# Masala Butterfly Libretto Question



## Bellinilover (Jul 24, 2013)

Can anyone here tell me why, in some performances and recordings of Puccini's MADAMA BUTTERFLY, Benjamin Franklin Pinkerton is referred to by Cio-Cio-San as "B.F. Pinkerton" and other times as "F.B. Pinkerton"? 

I'm thinking the switch must have to do with something like the Japanese language putting second names first?


----------



## Art Rock (Nov 28, 2009)

> Pinkerton's forenames are the subject of some confusion.
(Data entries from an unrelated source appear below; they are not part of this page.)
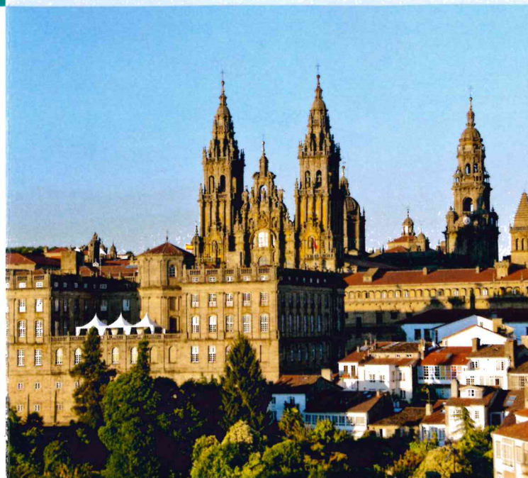
Santiago de Compostela

Per annullamenti, penalità, recessi, valgono le condizioni generali riportate dall'operatore.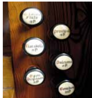
Manuale und Register der Stehle-Organ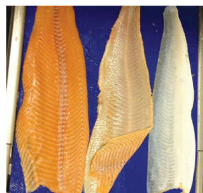
3 produits en 1 opération (ici : saumon)

Machines conçues et fabriquées en FRANCE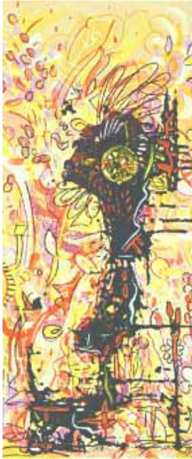
Am Schwarzkopf 30 x 60 cm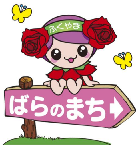
ばらのまち福山 イメージキャラクター「ローラ」

改訂／2023年度（令和5年）12月 福山市 保健福祉局 長寿社会応援部 高齢者支援課

At the premieres in Milan and Brescia, he is introduced as "Sir Francis Blummy Pinkerton," but by the third revision of the libretto in 1906, he is presented as "B.F. Pinkerton." The 1907 Ricordi score, considered authoritative, lists the role as "F.B. Pinkerton", but during the wedding ceremony, the Commissario refers to the Lieutenant as "Benjamin Franklin Pinkerton."


source: https://theopera101.com/operas/butterfly/


----------



## Meyerbeer Smith (Mar 25, 2016)

_Masala Butterfly_, aka _Lakme_?


----------



## Woodduck (Mar 17, 2014)

Sounds delicious, but not with sushi.


----------